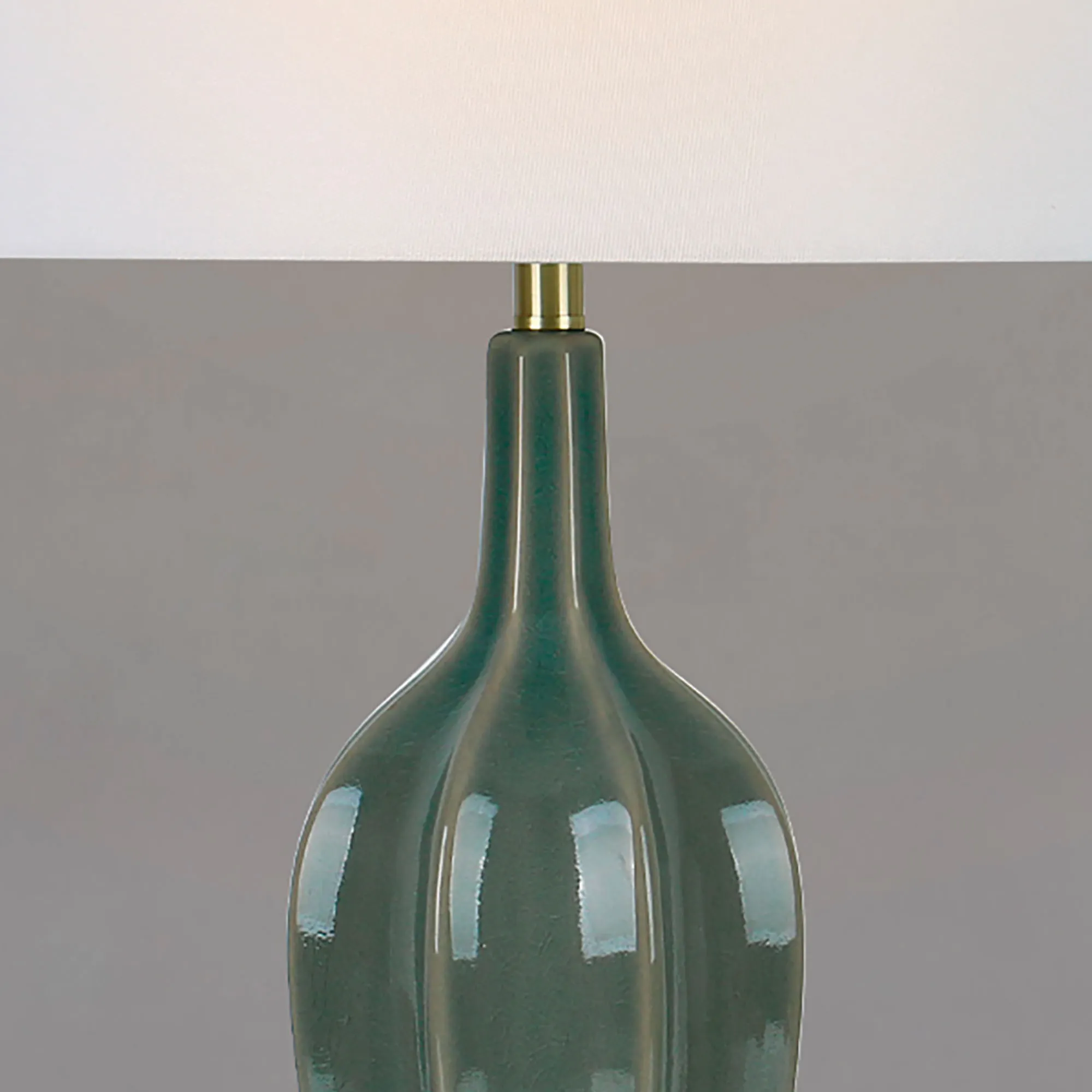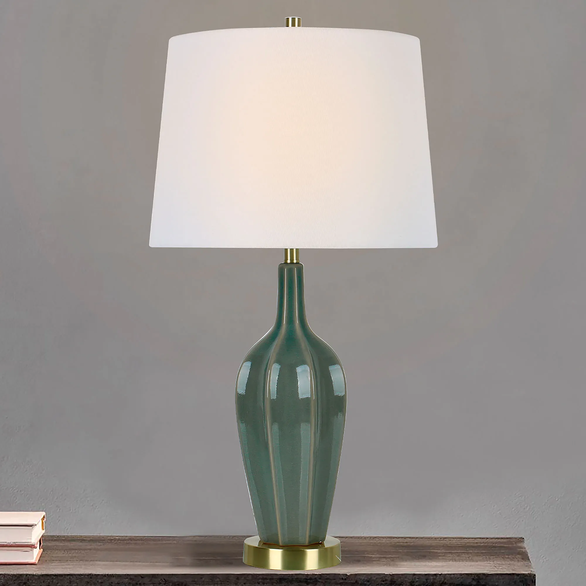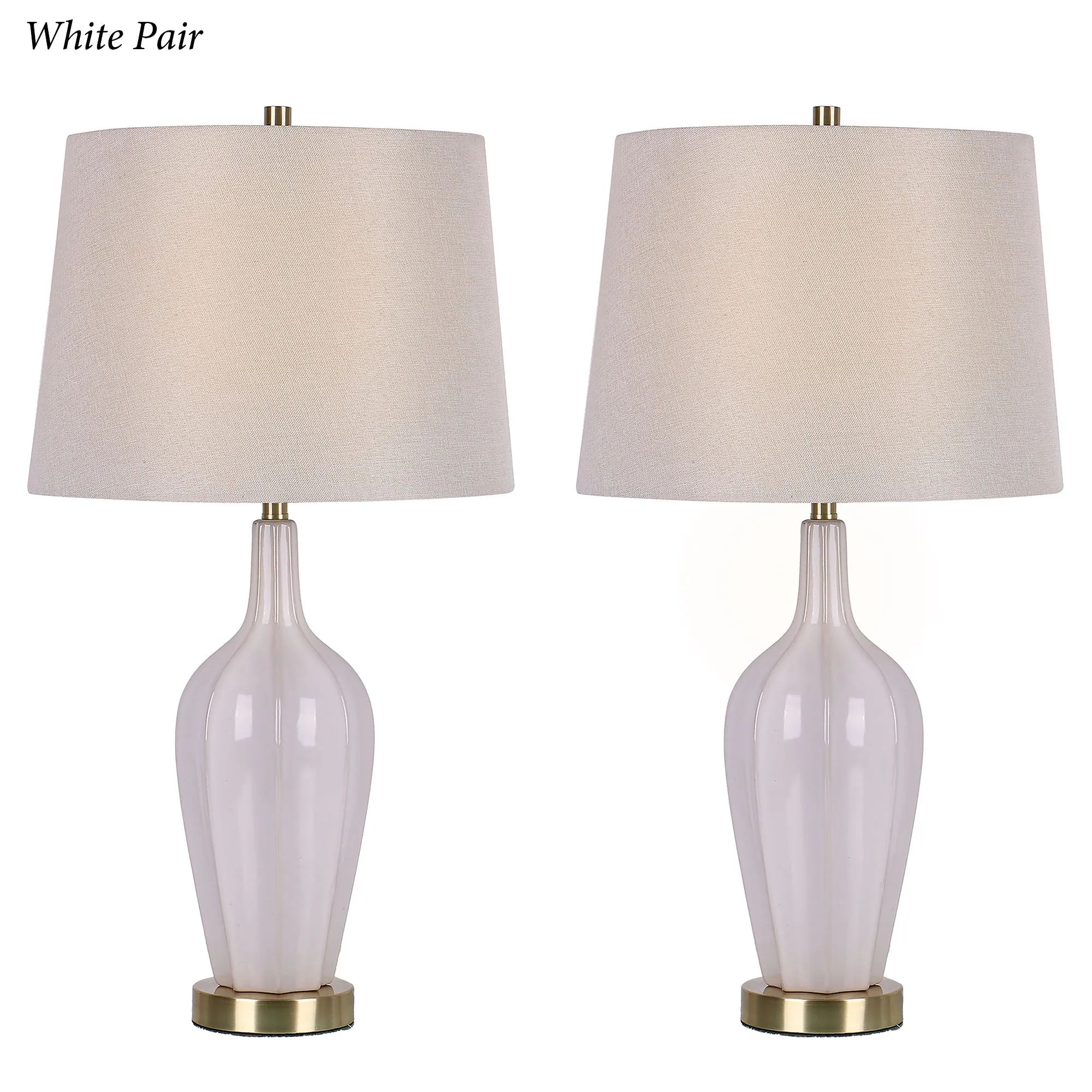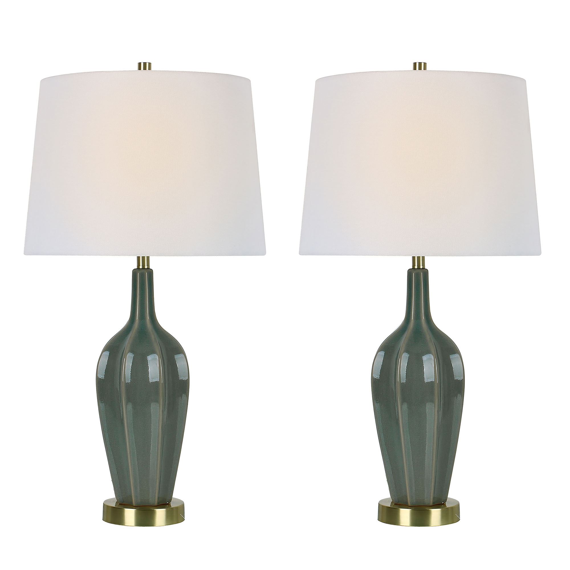 The Varese Table Lamp shines with a classic style. Atop a satin brass metal base, each solid color ceramic font features a uniquely stylized fluted urn shape topped with a cream linen tapered drum shade. UL listed. Each lamp requires one 100W max. bulb. Overall, each table lamp measures 14"dia.x26.5"H, including the matching metal finial. Pair weighs 14 lbs.
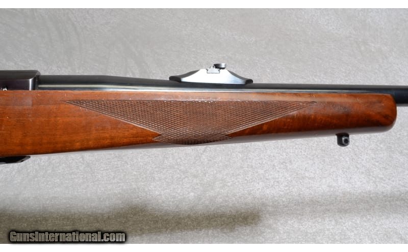 Description: The Ruger M77 is a bolt-action rifle produced by Sturm, Ruger & Co. It was designed by Jim Sullivan during his three years with Ruger. It was designed primarily as a hunting rifle featuring a traditional Mauser K98-style two-lugged bolt with a claw extractor. .30-06 Springfield SOLD Chambers: Bolt Action Metal Condition: Excellent Wood Condition: Very Good with some handling dings Bore Condition: Excellent Barrels: 22" Barrel Triggers: Factory Trigger Stock Dimensions: 13 3/4" lop Fore End: Rounded with Diamond Checkering Butt Pad: Ruger Butt Pad Weight: 8 lbs. Sights: Iron Sights and Redfield Peep Sight Item Location: Tulalip, WA |
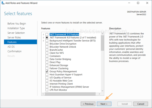 - 在“功能”页面上,已默认选择所需角色的基本功能。只需点击下一个。
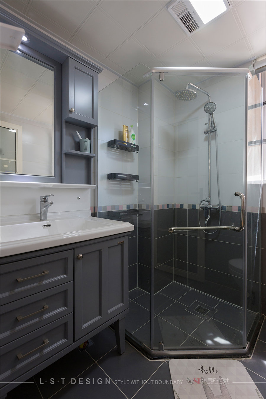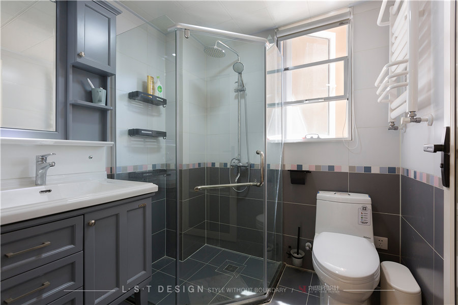 ▲粉蓝色马赛克腰线给素雅简单的卫生间带来活跃和生气。
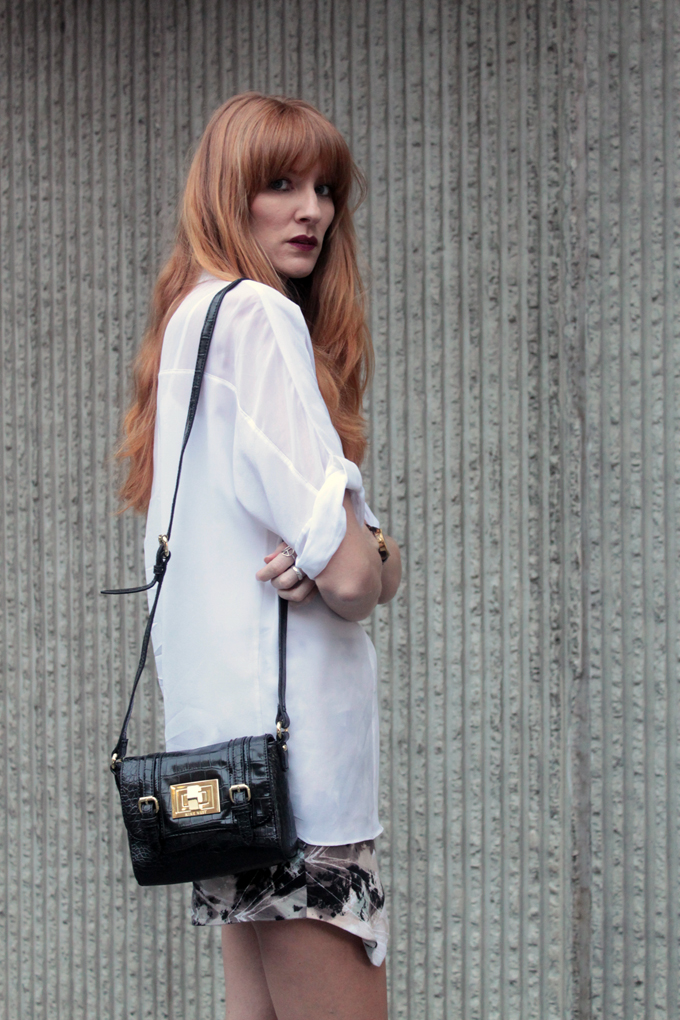 Wearing Witchery OCRF Shirt, Stylestalker Galactica Skirt, Nine West Bag, Nine West Boots, Michael Kors Watch

---------------

EXERCISE —
Everything in the data except the pictures should be restated word for word.

RESPONSE TO THE TASK —
 The Varese Table Lamp shines with a classic style. Atop a satin brass metal base, each solid color ceramic font features a uniquely stylized fluted urn shape topped with a cream linen tapered drum shade. UL listed. Each lamp requires one 100W max. bulb. Overall, each table lamp measures 14"dia.x26.5"H, including the matching metal finial. Pair weighs 14 lbs.
 Description: The Ruger M77 is a bolt-action rifle produced by Sturm, Ruger & Co. It was designed by Jim Sullivan during his three years with Ruger. It was designed primarily as a hunting rifle featuring a traditional Mauser K98-style two-lugged bolt with a claw extractor. .30-06 Springfield SOLD Chambers: Bolt Action Metal Condition: Excellent Wood Condition: Very Good with some handling dings Bore Condition: Excellent Barrels: 22" Barrel Triggers: Factory Trigger Stock Dimensions: 13 3/4" lop Fore End: Rounded with Diamond Checkering Butt Pad: Ruger Butt Pad Weight: 8 lbs. Sights: Iron Sights and Redfield Peep Sight Item Location: Tulalip, WA |
 - 在“功能”页面上,已默认选择所需角色的基本功能。只需点击下一个。
 ▲粉蓝色马赛克腰线给素雅简单的卫生间带来活跃和生气。
 Wearing Witchery OCRF Shirt, Stylestalker Galactica Skirt, Nine West Bag, Nine West Boots, Michael Kors Watch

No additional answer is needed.